Japan's weak economy hits home
| KYOTO, JAPAN
When the glass pot on Yuko Ohira's electric coffee maker cracked during dishwashing the other day, she found an old steel pan to take its place.
Until just a few months ago she would have immediately ordered the 5,500-yen (US$45) replacement pot without much thought.
But with the New Year's economic indicators threatening to make Japan's sagging economy even worse, getting used to an ugly makeshift coffeepot is one of the small lifestyle changes that are becoming more common for this middle-class household of nine.
Newsstands are filled with magazines predicting massive layoffs and corporate failures this year. Even the greetings in New Year's cards contained prayers for the strength to persevere instead of the customary optimism about the future.
The sputtering end to years of Japanese expansion and the government's inability to turn things around is hitting Japanese families such as the Ohiras, core supporters of Prime Minister Junichiro Koizumi and his plans to restructure the country's economy.
Mr. Koizumi's eight-month-old government promises to curtail the bureaucracy, strengthen Japan's social safety net, and foster new industry. But because many bureaucrats and rival politicians are against Koizumi's plans, a dip in his 70-percent-plus approval rating could be fatal.
Indeed, money is tighter than ever at the Ohira house because the family-run contracting business, which thrived for decades here near the center of Japan's ancient capital, is drying up. The mainstay business of building and remodeling homes is faltering, so they have started importing building materials and are paring expenses from their three-person staff.
Still, the Ohiras say the cost of educating three kids and caring for two grandparents in their 80s is rising as the government tries to trim its own budget.
"Things have never been so tough,'' says Hiroshi Ohira, sitting in the kitchen of the family home, a structure dating back a century, one that's seen Japan's wartime destruction and decades of postwar growth.
To cope with the slow economy, the family shelved plans to expand their business and refurbish the home where Mr. Ohira and his two brothers grew up. Instead, they've boarded up half the house to cut heating and maintenance expenses. The TV remote is bandaged with masking tape instead of being replaced.
The cutbacks might not seem like much during a global recession and at a time when images of Afghan refugees appear on most Japanese TV news shows.
While laborers, dropouts, and others on the fringes of Japanese society have been squeezed for years, the sacrifices of the Ohiras show the country's doldrums are hitting working families too.

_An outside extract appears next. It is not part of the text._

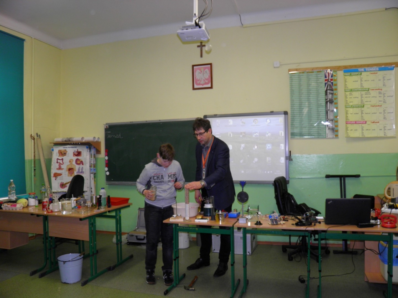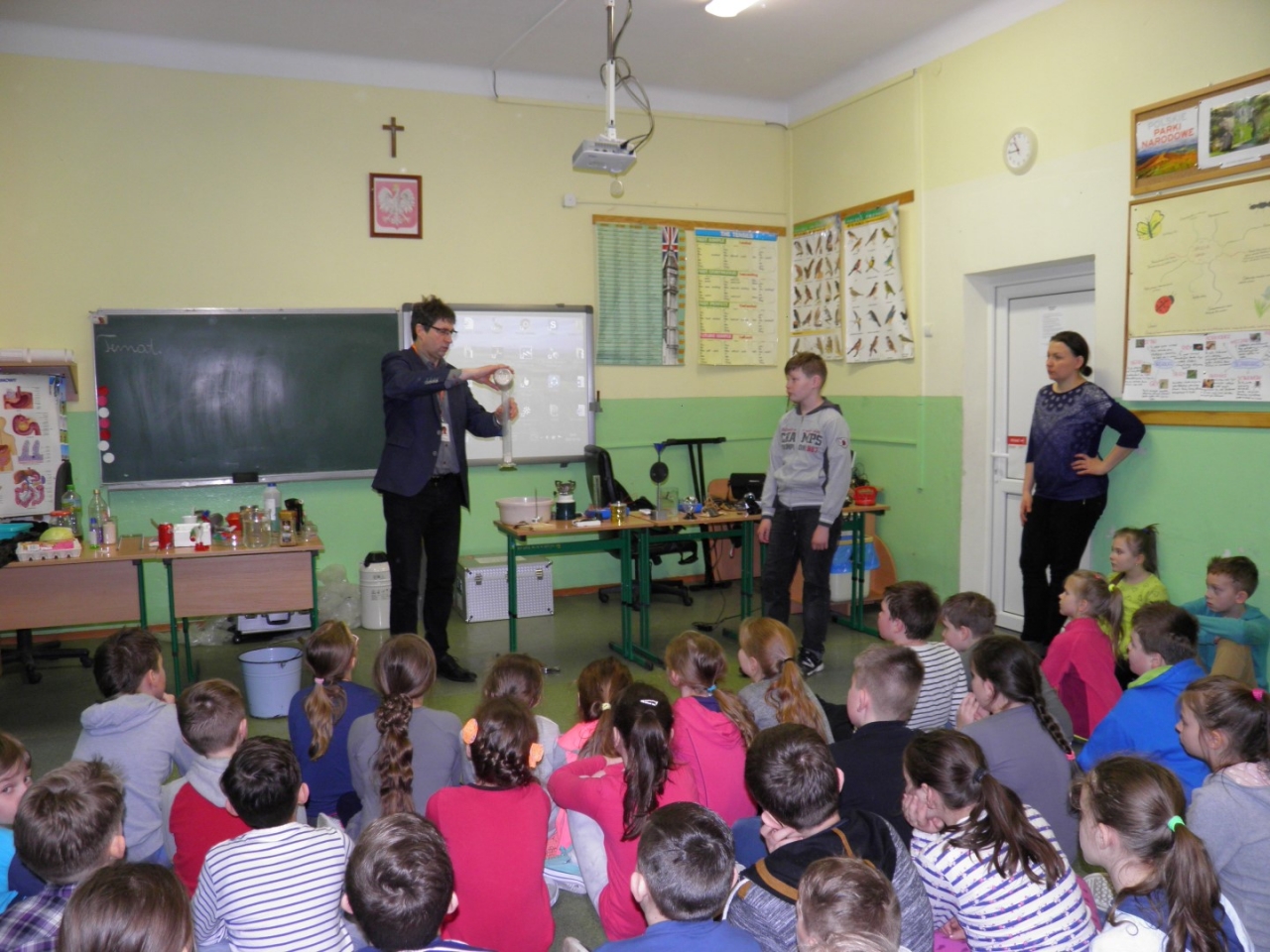 Dnia 02.03.2017r. w PSP w Lipiu gościł Pan Andrzej Wysmołek. Jest on polskim fizykiem, doktorem habilitowanym, który pracuje na Wydziale Fizyki Uniwersytetu Warszawskiego. Pan profesor zajmuje się także popularyzowaniem zagadnień związanych z fizyką i chemią wśród uczniów szkół podstawowych i gimnazjalnych. Właśnie w tym celu przyjechał do naszej szkoły. W bardzo interesujący sposób opowiadał o atomach, mieszaniu się substancji o różnej gęstości, napięciu powierzchniowym i innych ciekawych zjawiskach.  Podczas spotkania zostały przeprowadzone liczne eksperymenty i doświadczenia, które dzieci mogły nie tylko obserwować, ale też brać w nich udział. Niezwykle ciekawy sposób przekazywania wiedzy przez pana profesora sprawił, że ta niestandardowa lekcja fizyki spotkała się z dużym zainteresowaniem.

"Things are getting bad for the majority of people for the first time," said Shigenori Okazaki, an analyst at UBS Warburg, a financial services firm. "The New Year is going to hurt."
Unlike American consumers who are pressured by credit-card debt or losses from investments made in the dotcom stock boom, the Ohiras's problems don't have an obvious cause. In contrast to Japanese who bought property in the late-1980s "bubble" and then saw values fall by 80 percent, they managed to prosper all through the last decade of Japan's economic slump.
Japanese say things are bad and they can feel them getting worse. An Asahi newspaper survey found that more Japanese feel "economic pain" in their daily lives now than ever before.
Japan's jobless rate stands at a record 5.5 percent, meaning 3.5 million are out of work, including 1 million heads of households. Personal bankruptcies, the number of homeless, reports of domestic violence, suicides - all are at record highs.
But a glimmer of hope flickered over the weekend when Koizumi and Singapore's Prime Minister Goh Chok Tong signed a free-trade pact that is expected to remove tariffs on almost all goods traded between the two countries.
Koizumi said in a speech yesterday that the reason Japan's economy has stagnated is that "Japan's previous success had made us complacent," but that reforms were under way to restore financial growth. "I believe the Japanese economy will pick up for sure with the reform so that we can be a locomotive engine again for the regional economy," Koizumi said.
Japan's move was an apparent bid to catch up with Beijing's financial maneuvering.
In November, Japan was left out in the cold when China and the 10-member Association of Southeast Asian Nations agreed to create the world's most-populous free-trade bloc within 10 years, covering 2 billion consumers.
Kyoto, as a city, too, may be better off than many others. Computer company Kyocera, video game maker Nintendo, and Murata Manufacturing are growing, a high-tech business park with 130 businesses is expanding, and the city's universities and research centers remain, despite the nationwide slump. Terrorist attacks overseas have Japanese tourists returning to take another look at Kyoto's temples and gardens, adding at least a temporary boost.
But downsizing and worry about the future is hurting even more. Closure of a Nissan Motor factory in Kyoto and the collapse of a local retailer cut thousands of jobs.
A New Year's survey of local companies by Kyoto's main newspaper found 72 percent expect 2002 to be worse.
Indeed, even the Ohiras - both college graduates who saw their finances improve generally every year since 1971, when they got married and took their last overseas vacation - are worried.
"I don't know what will happen this year, but it's not going to be good," Ohira says.
Material from wire services was used in this report.